# Direkt studieren? Oder autodidaktisch lernen?



## Javajampe (25. Okt 2017)

Hallo allerseits, nach vielen Jahren in denen ich mich mit meinen rudimentären PC-Kenntnissen so durchgeschlagen habe, habe ich jetzt doch entdeckt, dass mir die Beschäftigung damit eigentlich Spaß macht. Ich arbeite mich jetzt langsam an das Thema Programmieren ran, stelle aber fest, dass es schon sehr viel ist. 
Jetzt überlege ich natürlich, wie ich weiterkomme. Einfach ein paar Bücher kaufen und durcharbeiten? Volkshochschulkurse? Oder doch meinen schon lange gehegten Traum angehen und mich beruflich nochmal neu orientieren und Informatik studieren? 
Was meint ihr? Was könnt ihr Einsteigern empfehlen?


----------



## Javinner (25. Okt 2017)

Wenn ich es an einem Beispiel aufführen darf:
Vor langer Zeit beschloss ich Gitarre zu lernen. Da ich kein Geld hatte und sonst vom Winde verweht war, beschloss ich mich es selbst zu erlernen und auf Unterricht zu verzichten. Der Weg war eher mühsam und alle meine Erfolge habe ich nur dem eigenen Ehrgeiz und nicht zuletzt Programmen wie GuitarPro zu verdanken, weil diese Programme
anstatt Noten auch Tabs erlauben, so nach dem Motto: "Spielen für Dummies".
Also verplemperte ich etwas mehr als 5 Jahre damit, mir anhand der Tabs die Stücke einzuüben.
Im Vergleich nehme ich ein Kumpel von mir. Er ging gleich in die Musikschule und war nach nur einem halben Jahr weiter, als ich es nach fünf Jahren. 

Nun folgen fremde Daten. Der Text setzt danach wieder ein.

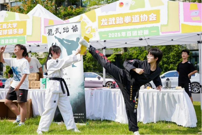 9月17日,蜜桃视频 “绽Fun”百团大战在商大花海活力全开,超100个学生社团组织齐放大招,体育类社团花样秀技吸引同学们的目光和参与。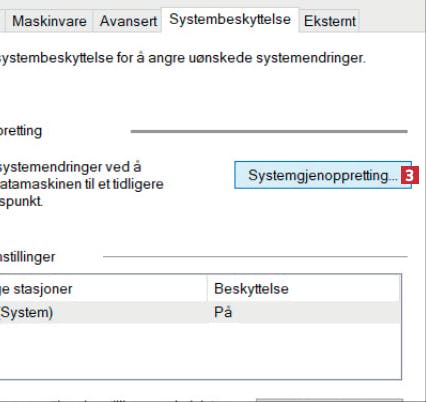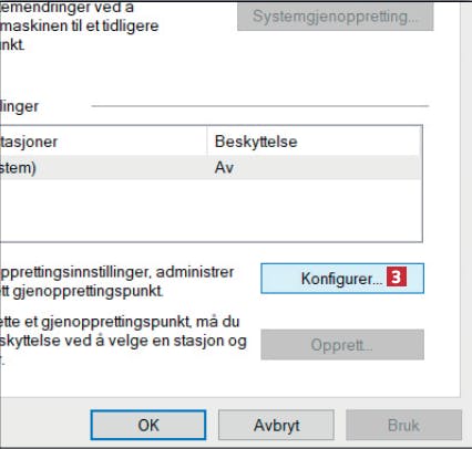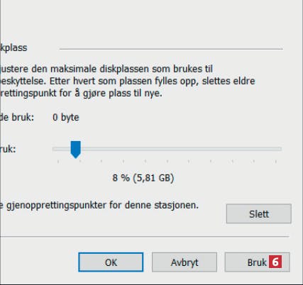 Sørg for at systembeskyttelsen er aktivert 4 . Lenger nede setter du skyveknappen slik at det tildeles minst 5 GB 5 på harddisken.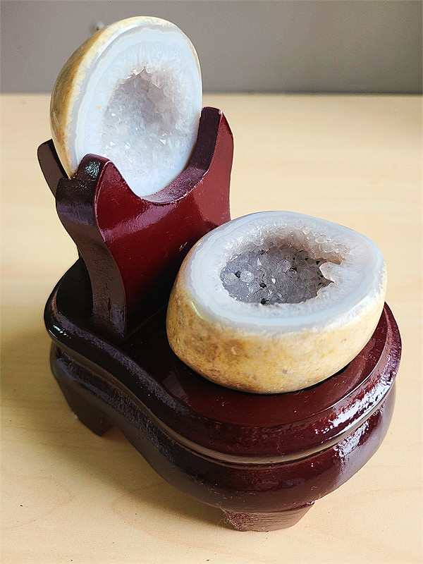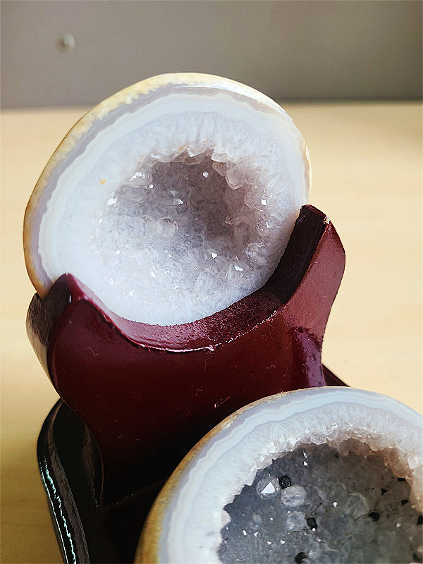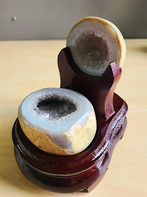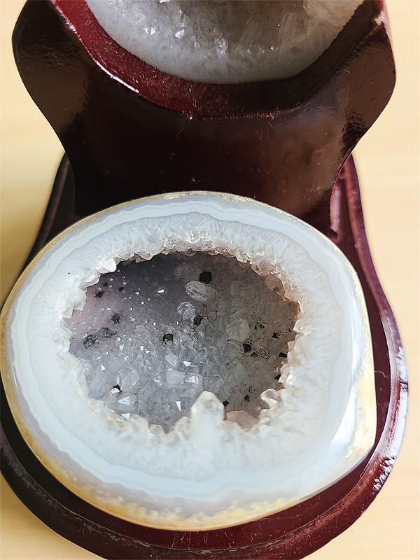 極品晶牙步步高升 | 鎮宅旺財 | 人間極品完美級 | 天然烏拉圭聚寶盆 | 口大洞深 | 細密閃耀晶砂 | 人間極品滿肉玉潤實木底座天然瑪瑙聚寶盆擺件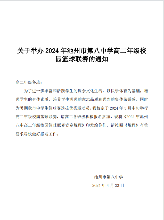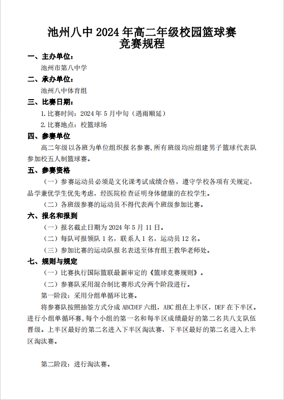 池州市第八中學2024年校園籃球聯(lián)賽秩序冊
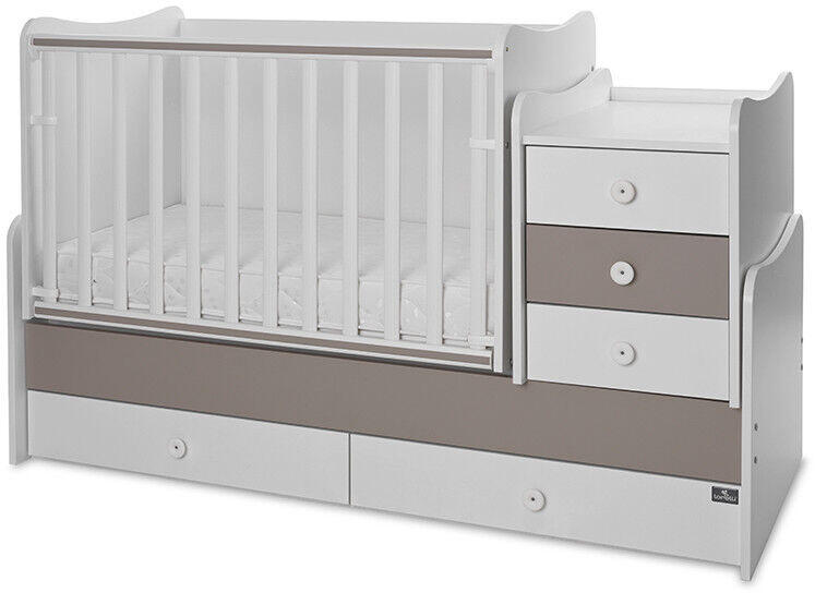 Lorelli Maxi Plus Kombi Ágy: 5 az 1-ben megoldás a babaszobába! ?️ A Lorelli Maxi Plus kombi ágy egy multifunkcionális bútor, amely a baba születésétől egészen a tinédzserkorig használható. Ez a pénztárcabarát megoldás együtt nő gyermekeddel, így nem kell különféle bútorokat vásárolnod az évek során. Funkciók és átalakítások:Babaágy (70x160 cm): Újszülött kortól használható, oldalirányban ringatható vagy fixálható. Pelenkázó komód: 3 fiókkal a pelenkázáshoz szükséges holmik tárolására. A komód levehető és éjjeli szekrénnyé alakítható. Ifjúsági ágy: A kiságy ifjúsági ággyá alakítható, így a gyermek tovább használhatja a megszokott ágyat. Íróasztal: A kiságy egy része íróasztallá alakítható, ami ideális a tanuláshoz. Éjjeliszekrény: A pelenkázó komód különálló éjjeliszekrénnyé alakítható. További előnyök:Két nagyméretű ágyneműtartó fiók: Könnyen tárolhatók a textíliák. Lekerekített formák: Védik a babát a sérülésektől. Sokoldalú összeszerelés: A komód bármelyik oldalra felszerelhető. Könnyű szétszerelés: A bútor könnyen szétszerelhető és szállítható. Tartós anyag: 18 mm-es melamin forgácslapból készült. Méretek:Méret ÉrtékKiságy matracmérete 110x62x10 cmKombi ágy mérete 167x72x104 cmIfjúsági ágy mérete 167x72x52 cmÍróasztal mérete 114x68x70 cmPelenkázó komód mérete 44x70x62 cmSúly 112 kgFontos: A matrac nem tartozék, külön rendelhető! A bútor lapra szerelve kerül kiszállításra. A termék színe és mintája az első fotón látható, a további képek illusztrációk a termék tulajdonságairól!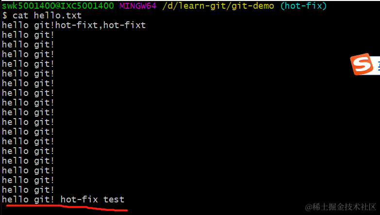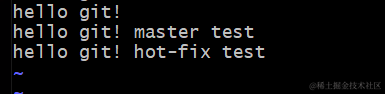 hot-fix分支,在hello.txt的最后一行末尾,增加新内容-"hot-fix test"。 - 切换到

Moral der Geschichte: professionell ist immer ein Schritt voraus, würde ich sagen.
Frage ist eben, ob du die Zeit und vor allem das Geld für ein Studium hast und natürlich kommt es darauf an,
was für ein Typ du bist.


----------



## Trjavnamen (25. Okt 2017)

Professionel theoretisch Unterricht ist so Sinnvoll wie theoretische Bücher. Beides gibt es massenhaft. Man kann leider nicht vorher erkennen ob beides zum gewünschten Erfolg führt. Vor vielen Jahren hatte ich auch die Idee und hatte nachgeschaut was und wo und wieviel.  Beispiel: SAP ein sechs Wochenkurs.Halte ich als Grundkurs für das Berufsleben wohl zu wenig. Das kann ja eigendlich nur Theorie sein oder? Java? Schaut man sich die Eclipse downloadsvarianten an und läd man sich die größte Datei herunter ergeben sich 10 Unterpukte die ein spezielles Wissen benötigt. Sieht man sich die Stellenausschreibungen an muß man neben Java, Java Sript, PHP und und  und, was noch intus haben(je nach Ausrichtung)  frage ich mich ob es besser ist zu einem Programmierer zu gehen um zu lernen und möglichts viele Praktiken nebenher zu machen.


----------



## Trjavnamen (25. Okt 2017)

Ein Studium mit guten Noten öffnet andrerseits Tür und Tor in Firmen die sehr viel Zeit und Geld investieren für eigene Fortbildungen.


----------



## Javinner (25. Okt 2017)

Die Materie ist sehr umfangreich, ich glaube kaum, dass man hier alleine durchsteigt! Ich persönlich würde auch heute noch gerne studieren gehen, jedoch erlauben es mir meine finanziellen Verhältnisse nicht.
Im Laufe des Studios sind glaube ich die besten Voraussetzungen gegeben, zumal man direkten Kontakt zu Menschen hat, welche es richtig gut können.
Dann die ganzen Aufgaben und Übungen, das hat schon Gewicht.
Alleine durch Bücher lesen wird es wohl sehr schwer werden.
Der finanzielle Aspekt ist natürlich auch gegeben, sprich wenn man sich als angelernter oder studierter bewirbt. Als ersteres wirst du sicher wesentlich schwerer haben! Zumal: schau dich um, ich bin im Metallbearbeitung tätig
und in einigen Firmen wird mittlerweile Englisch auch für den Mann an der Maschine Pflicht, das war vor 10 Jahren noch nicht mal im Traum, jetzt Realität.
Wenn du kannst, studiere!


----------



## FridolinF (25. Okt 2017)

Javajampe hat gesagt.:


> Hallo allerseits, nach vielen Jahren in denen ich mich mit meinen rudimentären PC-Kenntnissen so durchgeschlagen habe, habe ich jetzt doch entdeckt, dass mir die Beschäftigung damit eigentlich Spaß macht. Ich arbeite mich jetzt langsam an das Thema Programmieren ran, stelle aber fest, dass es schon sehr viel ist.
> Jetzt überlege ich natürlich, wie ich weiterkomme. Einfach ein paar Bücher kaufen und durcharbeiten? Volkshochschulkurse? Oder doch meinen schon lange gehegten Traum angehen und mich beruflich nochmal neu orientieren und Informatik studieren?
> Was meint ihr? Was könnt ihr Einsteigern empfehlen?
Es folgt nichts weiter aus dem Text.